Ich holte an diesem Sommerabend im Jahr 1995 bei Olaf den unbenutzten Stapel frankierter Umschläge ab, die ich im März bei ihm deponiert hatte. Damit sollte er eigentlich die von mir aus den USA (wo ich meine erste Sheryl-Crow-CD gekauft hatte) an ihn nach Berlin geschickten Faxe per Post an diverse faxlose Freunde weiterleiten. Ich hatte aber nur ein einziges Mal diesen Umschlagumweg benutzt.
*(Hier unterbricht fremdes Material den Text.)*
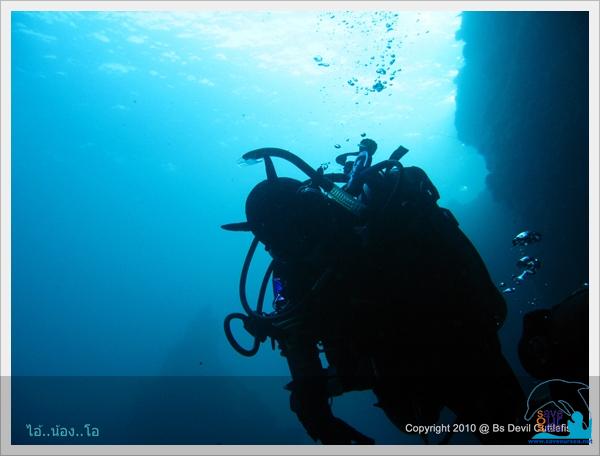 หินแดง - ไดร์นี้พวกเราเก็บเศษอวนที่ด้านใต้-ตะวันตก บริเวณหัวแหลม ได้เยอะพอควร น่าเสียดาย ที่ไม่เห็นปลาใหญ่ เลย แต่ อย่างไรก็ตาม หินแดง ก็สวยเหมือนเดิม หินม่วง - เริ่มภารกิจ หา Rhinophias ไปตามที่น้องติ่ง บอกเด๊ะ เลย วนไปก่อน 1 รอบ เอ๊ะ ไม่เจอแฮะ อ้าววนกลับมารอบสอง ดำแบบซิกแซก และสายตา ก็ไปสะดุด พี่รูปหล่อตัวเบ้อเร่อเลย ช่ายยยย เห็นเด่นสะดุดตา จริงๆ ด้วยหากไปถูกทิศ ไม่น่าหลงทิศตั้งแต่แรกเลย ฮิฮิ เชื่อมะ Leader ก็พลาดได้ หุ หุ หุ หินม่วง - ห้าใหญ่ -
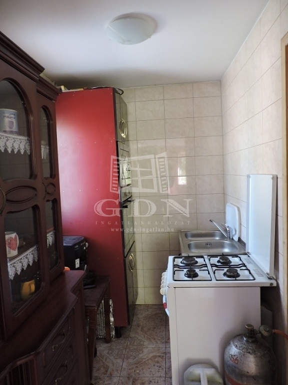 A konyhában, palackos gáztűzhelyen lehet főzni. A víz fúrt kútból jön, hidroforos megoldással.
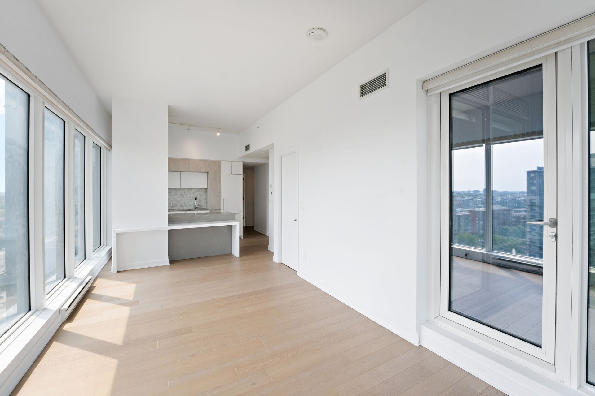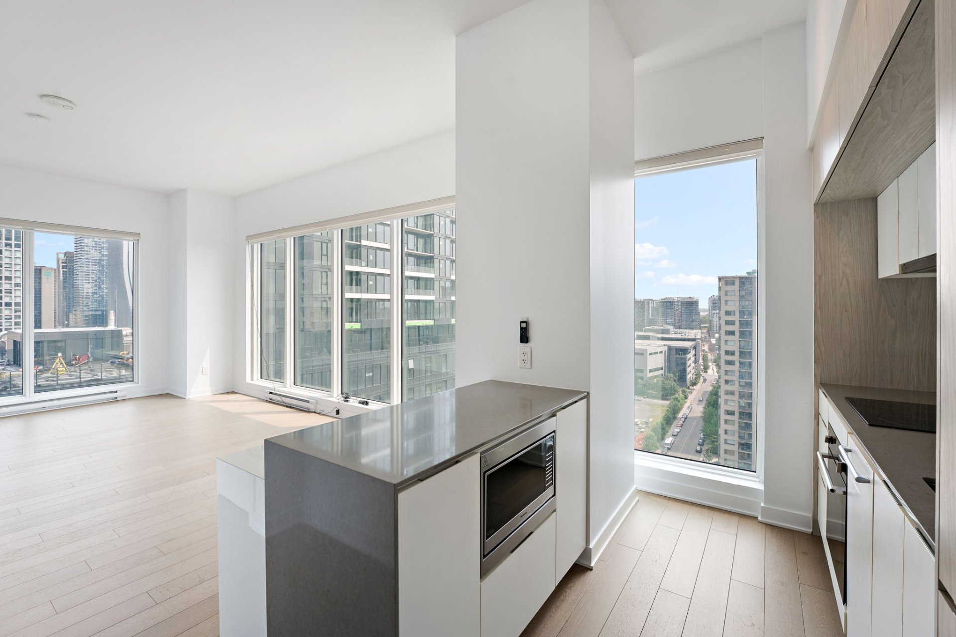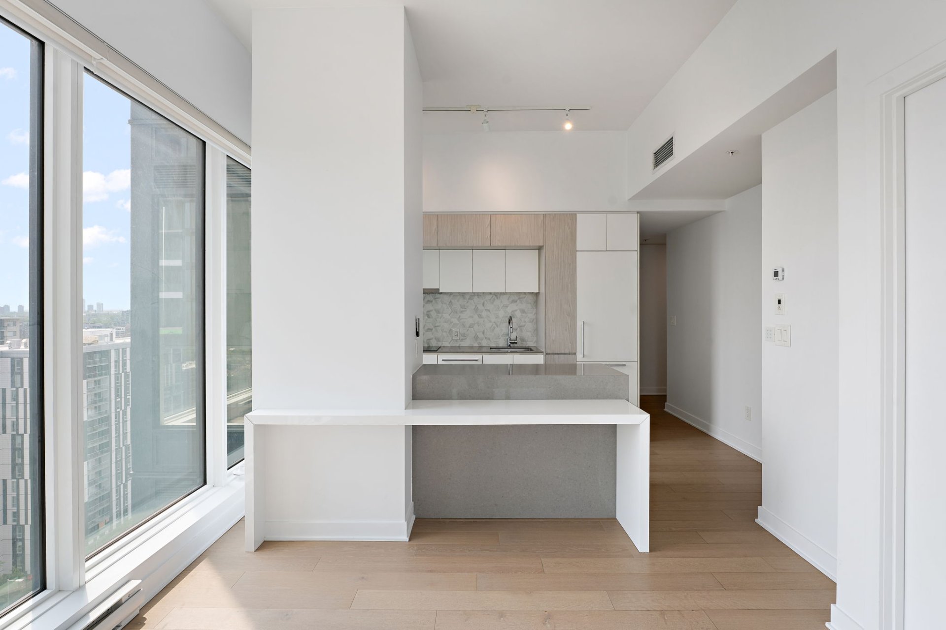 Perched on the 16th floor, this exceptional residence features an abundance of natural light, enhanced by expansive windows and a private balcony that opens onto panoramic, unobstructed views of several of Montréal’s most celebrated landmarks.

Die Abende bei Olaf enden immer mit dem Besuch eines mir noch nicht bekannten Lokals. Diesmal im Kumpelnest. Mit den Kuverts in der Jackentasche saß ich zwischen Olaf und seiner Freundin am Tresen und trank Gin-Tonic. Ich ließ den Blick hin und wieder zu einem Pärchen schweifen, das auf den bequemeren Plätzen im ziemlich dunklen Teil der Kneipe herum lümmelte. Sie sahen beide so finster aus und sprachen so wenig, dass ich mir bald ernstlich Sorgen um ihre Beziehung machte. Das Zeug in ihren Gläsern sah ungefähr so aus wie mein Gin-Tonic, aber sie tranken es viel schneller als ich. Nachdem sich meine Augen sich an das Dämmerlicht gewöhnt hatten, kam mir das Gesicht der Frau irgendwie bekannt vor. Nach einer halben Stunde verstohlener Blicke glaubte ich eine gewisse Ähnlichkeit mit Sheryl Crow zu entdecken, die ich schon seit einem Jahr furchtbar gern mal getroffen hätte. Na ja, dachte ich, schöner Quatsch. Erstens ist die in den USA, zweitens würde die als Star nie ins Kumpelnest gehen und drittens hat die nicht so kurze Haare. Sie hat im Gegenteil eine wunderbare Blondlockenwuschelmähne.
Zweifel blieben. Zumal ich irgendwann mitbekam, dass die beiden Finsterlinge sich auf englisch vollnölten.
Am nächsten Abend nahm mich meine geschätzte Kollegin Antje zu einem Konzert in die Waldbühne mit. Ich kann Rod Stewart sonst nur dreimal pro Jahr im Radio ertragen, aber wenn man seit Monaten einer Verflossenen nachheult, dann schlägt man einer geschätzten Kollegin nichts ab. Was mir Antje verschwiegen hatte, war das Vorprogramm. Da kamen so ein paar total lässige Jeansjungen auf die Bühne, und dann kam da noch eine junge Frau, auch in Jeans und - mit kurzen Haaren. Und die sang wie Sheryl Crow. Weil sie es war! Und weil die jetzt ganz offensichtlich die Blondlockenwuschelmähne abgeschnitten hatte.
Ich habe dann noch sehr lange darüber nachgedacht, wie der vorhergehende Abend eigentlich hätte verlaufen sollen.